▸ INPUT DATA:

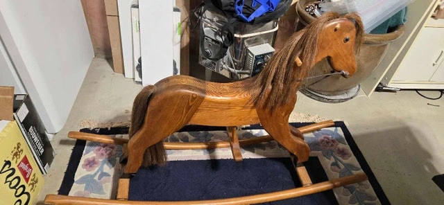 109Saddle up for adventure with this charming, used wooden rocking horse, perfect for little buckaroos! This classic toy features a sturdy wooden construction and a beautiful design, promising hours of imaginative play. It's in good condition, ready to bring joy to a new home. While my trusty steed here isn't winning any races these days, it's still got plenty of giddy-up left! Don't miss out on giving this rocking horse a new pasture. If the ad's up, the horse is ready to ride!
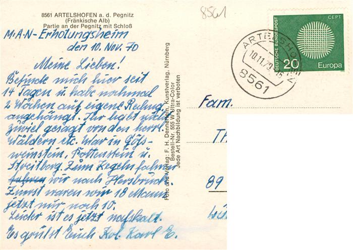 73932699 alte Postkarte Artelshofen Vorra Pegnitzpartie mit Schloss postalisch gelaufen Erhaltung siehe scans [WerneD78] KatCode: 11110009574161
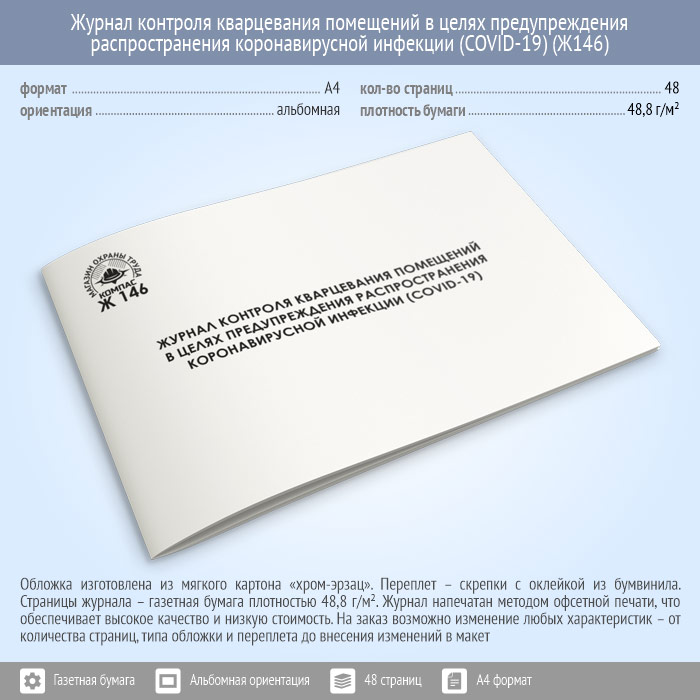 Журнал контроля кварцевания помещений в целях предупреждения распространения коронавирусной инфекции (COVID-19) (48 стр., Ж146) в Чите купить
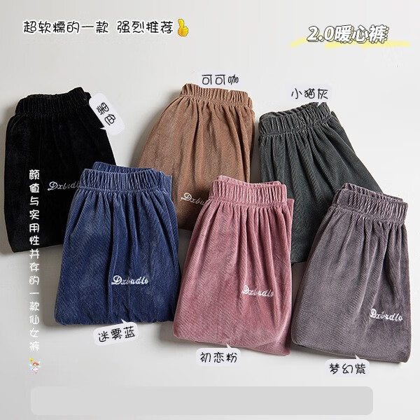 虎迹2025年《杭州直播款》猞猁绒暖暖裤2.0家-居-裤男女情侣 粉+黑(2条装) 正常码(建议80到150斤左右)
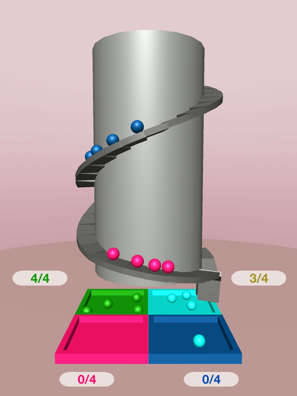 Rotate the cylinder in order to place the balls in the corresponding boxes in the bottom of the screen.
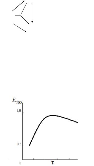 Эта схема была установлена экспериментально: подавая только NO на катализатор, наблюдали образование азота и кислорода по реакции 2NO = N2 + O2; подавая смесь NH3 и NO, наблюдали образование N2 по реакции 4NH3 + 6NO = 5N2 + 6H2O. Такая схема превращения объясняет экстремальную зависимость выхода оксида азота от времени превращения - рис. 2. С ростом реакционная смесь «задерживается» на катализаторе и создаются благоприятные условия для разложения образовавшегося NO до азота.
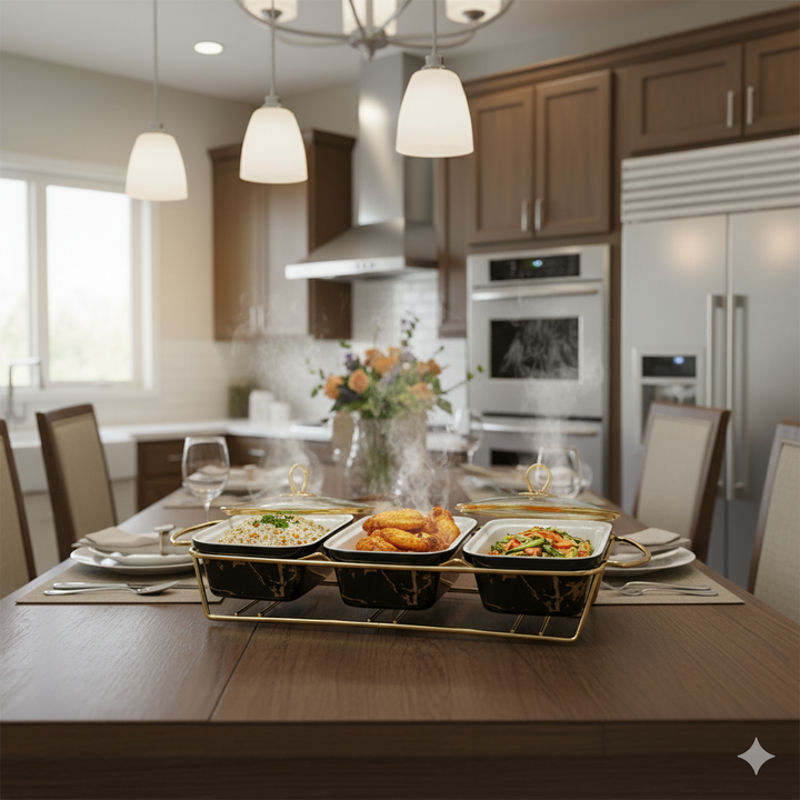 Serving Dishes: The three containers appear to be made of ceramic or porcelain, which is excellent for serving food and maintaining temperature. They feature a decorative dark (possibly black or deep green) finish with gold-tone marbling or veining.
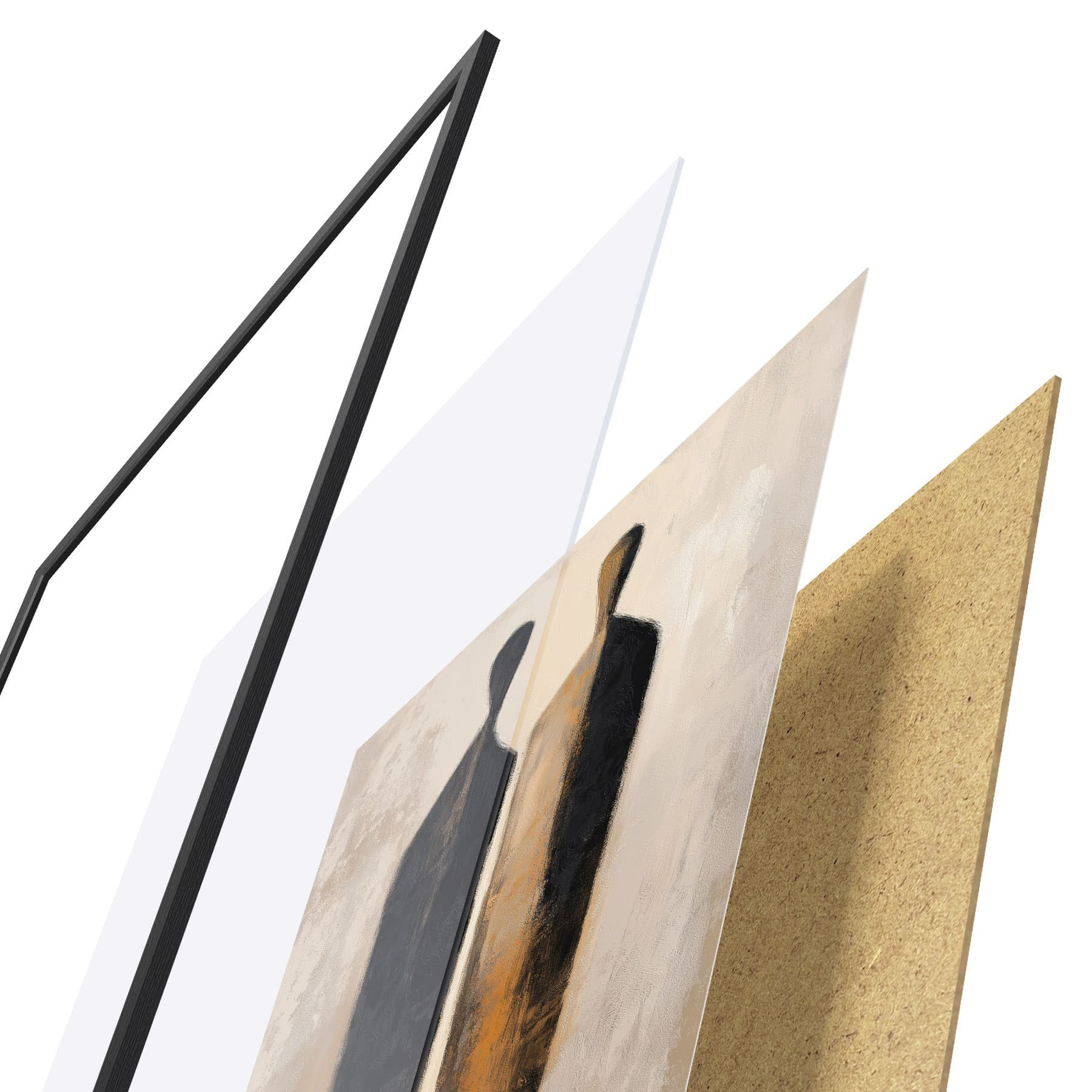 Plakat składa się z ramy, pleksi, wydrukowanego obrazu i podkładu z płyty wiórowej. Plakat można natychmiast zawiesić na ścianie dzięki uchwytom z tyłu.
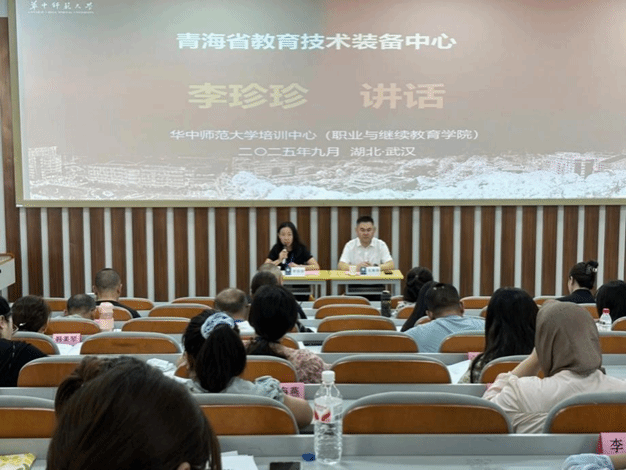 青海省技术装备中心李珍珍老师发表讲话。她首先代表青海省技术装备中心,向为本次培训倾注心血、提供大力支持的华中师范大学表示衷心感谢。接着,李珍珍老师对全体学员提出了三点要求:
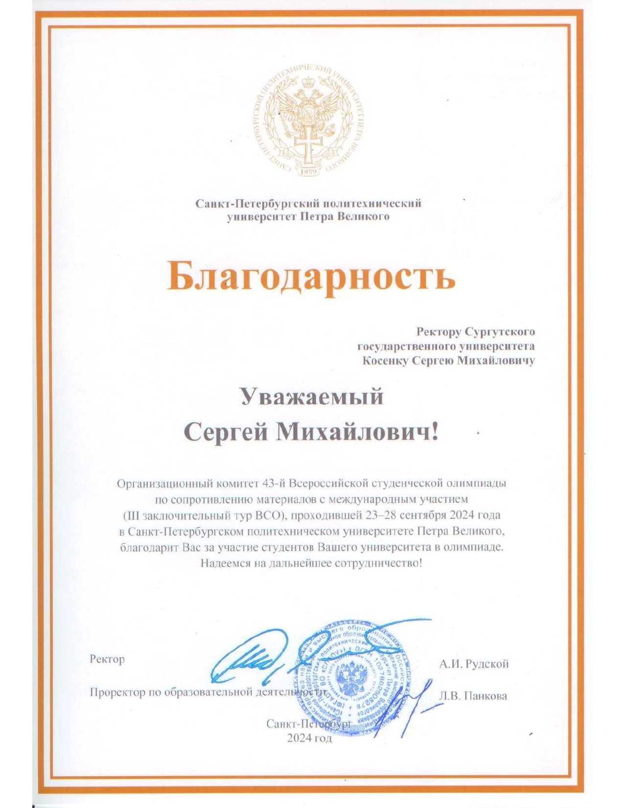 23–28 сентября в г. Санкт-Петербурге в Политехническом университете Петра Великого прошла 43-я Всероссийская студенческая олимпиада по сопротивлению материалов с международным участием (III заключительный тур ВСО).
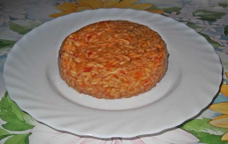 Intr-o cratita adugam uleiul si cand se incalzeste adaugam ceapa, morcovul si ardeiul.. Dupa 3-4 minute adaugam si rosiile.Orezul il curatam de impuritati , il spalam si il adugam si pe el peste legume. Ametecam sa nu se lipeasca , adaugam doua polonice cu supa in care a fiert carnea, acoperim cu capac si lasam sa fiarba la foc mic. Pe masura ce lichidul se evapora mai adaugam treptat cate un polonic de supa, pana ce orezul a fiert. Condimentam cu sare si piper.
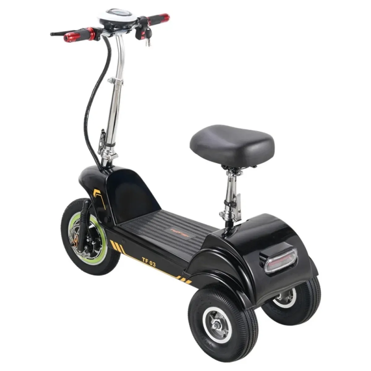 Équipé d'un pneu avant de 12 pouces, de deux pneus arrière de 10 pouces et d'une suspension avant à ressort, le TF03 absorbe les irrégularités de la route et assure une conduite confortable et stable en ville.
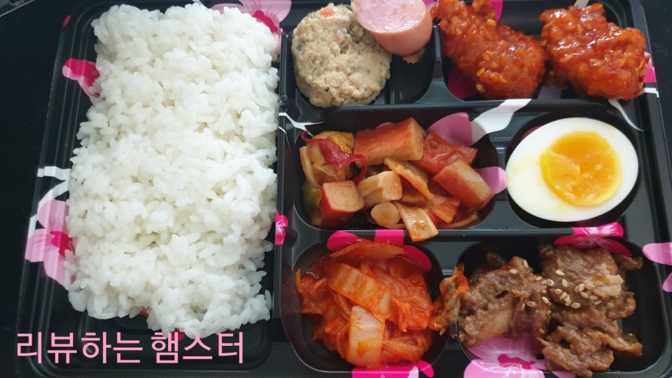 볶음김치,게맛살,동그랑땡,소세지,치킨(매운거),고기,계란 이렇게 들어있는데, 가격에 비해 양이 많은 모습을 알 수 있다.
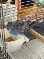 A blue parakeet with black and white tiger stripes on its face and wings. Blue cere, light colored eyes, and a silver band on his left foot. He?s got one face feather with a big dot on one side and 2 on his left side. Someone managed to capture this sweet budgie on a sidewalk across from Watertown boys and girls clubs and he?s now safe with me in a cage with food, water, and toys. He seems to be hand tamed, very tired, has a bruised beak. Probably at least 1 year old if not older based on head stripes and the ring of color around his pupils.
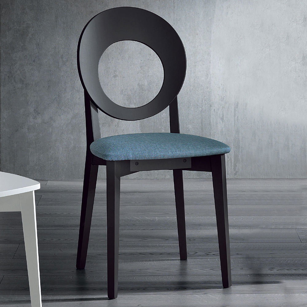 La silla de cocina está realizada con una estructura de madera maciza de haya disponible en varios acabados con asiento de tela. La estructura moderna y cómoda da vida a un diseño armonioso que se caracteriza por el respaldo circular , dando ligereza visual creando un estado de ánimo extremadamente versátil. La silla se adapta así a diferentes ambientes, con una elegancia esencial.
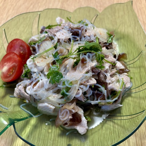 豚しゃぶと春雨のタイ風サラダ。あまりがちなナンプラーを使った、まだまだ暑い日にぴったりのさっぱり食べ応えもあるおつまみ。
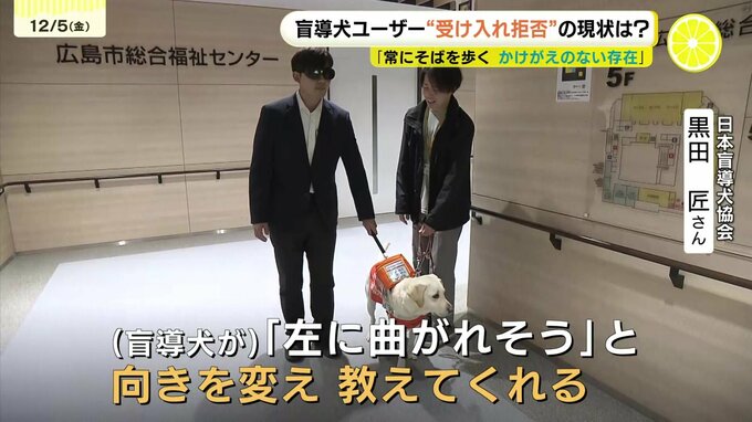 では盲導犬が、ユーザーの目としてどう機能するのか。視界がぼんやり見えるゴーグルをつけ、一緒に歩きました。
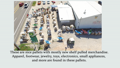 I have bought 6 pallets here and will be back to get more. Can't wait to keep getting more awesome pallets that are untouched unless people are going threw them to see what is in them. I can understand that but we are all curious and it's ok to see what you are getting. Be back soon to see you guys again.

▸ WORK ORDER:
The data above should be repeated in full and exactly, with no pictures carried over.

▸ OUTPUT:
 109Saddle up for adventure with this charming, used wooden rocking horse, perfect for little buckaroos! This classic toy features a sturdy wooden construction and a beautiful design, promising hours of imaginative play. It's in good condition, ready to bring joy to a new home. While my trusty steed here isn't winning any races these days, it's still got plenty of giddy-up left! Don't miss out on giving this rocking horse a new pasture. If the ad's up, the horse is ready to ride!
 73932699 alte Postkarte Artelshofen Vorra Pegnitzpartie mit Schloss postalisch gelaufen Erhaltung siehe scans [WerneD78] KatCode: 11110009574161
 Журнал контроля кварцевания помещений в целях предупреждения распространения коронавирусной инфекции (COVID-19) (48 стр., Ж146) в Чите купить
 虎迹2025年《杭州直播款》猞猁绒暖暖裤2.0家-居-裤男女情侣 粉+黑(2条装) 正常码(建议80到150斤左右)
 Rotate the cylinder in order to place the balls in the corresponding boxes in the bottom of the screen.
 Эта схема была установлена экспериментально: подавая только NO на катализатор, наблюдали образование азота и кислорода по реакции 2NO = N2 + O2; подавая смесь NH3 и NO, наблюдали образование N2 по реакции 4NH3 + 6NO = 5N2 + 6H2O. Такая схема превращения объясняет экстремальную зависимость выхода оксида азота от времени превращения - рис. 2. С ростом реакционная смесь «задерживается» на катализаторе и создаются благоприятные условия для разложения образовавшегося NO до азота.
 Serving Dishes: The three containers appear to be made of ceramic or porcelain, which is excellent for serving food and maintaining temperature. They feature a decorative dark (possibly black or deep green) finish with gold-tone marbling or veining.
 Plakat składa się z ramy, pleksi, wydrukowanego obrazu i podkładu z płyty wiórowej. Plakat można natychmiast zawiesić na ścianie dzięki uchwytom z tyłu.
 青海省技术装备中心李珍珍老师发表讲话。她首先代表青海省技术装备中心,向为本次培训倾注心血、提供大力支持的华中师范大学表示衷心感谢。接着,李珍珍老师对全体学员提出了三点要求:
 23–28 сентября в г. Санкт-Петербурге в Политехническом университете Петра Великого прошла 43-я Всероссийская студенческая олимпиада по сопротивлению материалов с международным участием (III заключительный тур ВСО).
 Intr-o cratita adugam uleiul si cand se incalzeste adaugam ceapa, morcovul si ardeiul.. Dupa 3-4 minute adaugam si rosiile.Orezul il curatam de impuritati , il spalam si il adugam si pe el peste legume. Ametecam sa nu se lipeasca , adaugam doua polonice cu supa in care a fiert carnea, acoperim cu capac si lasam sa fiarba la foc mic. Pe masura ce lichidul se evapora mai adaugam treptat cate un polonic de supa, pana ce orezul a fiert. Condimentam cu sare si piper.
 Équipé d'un pneu avant de 12 pouces, de deux pneus arrière de 10 pouces et d'une suspension avant à ressort, le TF03 absorbe les irrégularités de la route et assure une conduite confortable et stable en ville.
 볶음김치,게맛살,동그랑땡,소세지,치킨(매운거),고기,계란 이렇게 들어있는데, 가격에 비해 양이 많은 모습을 알 수 있다.
 A blue parakeet with black and white tiger stripes on its face and wings. Blue cere, light colored eyes, and a silver band on his left foot. He?s got one face feather with a big dot on one side and 2 on his left side. Someone managed to capture this sweet budgie on a sidewalk across from Watertown boys and girls clubs and he?s now safe with me in a cage with food, water, and toys. He seems to be hand tamed, very tired, has a bruised beak. Probably at least 1 year old if not older based on head stripes and the ring of color around his pupils.
 La silla de cocina está realizada con una estructura de madera maciza de haya disponible en varios acabados con asiento de tela. La estructura moderna y cómoda da vida a un diseño armonioso que se caracteriza por el respaldo circular , dando ligereza visual creando un estado de ánimo extremadamente versátil. La silla se adapta así a diferentes ambientes, con una elegancia esencial.
 豚しゃぶと春雨のタイ風サラダ。あまりがちなナンプラーを使った、まだまだ暑い日にぴったりのさっぱり食べ応えもあるおつまみ。
 では盲導犬が、ユーザーの目としてどう機能するのか。視界がぼんやり見えるゴーグルをつけ、一緒に歩きました。
 I have bought 6 pallets here and will be back to get more. Can't wait to keep getting more awesome pallets that are untouched unless people are going threw them to see what is in them. I can understand that but we are all curious and it's ok to see what you are getting. Be back soon to see you guys again.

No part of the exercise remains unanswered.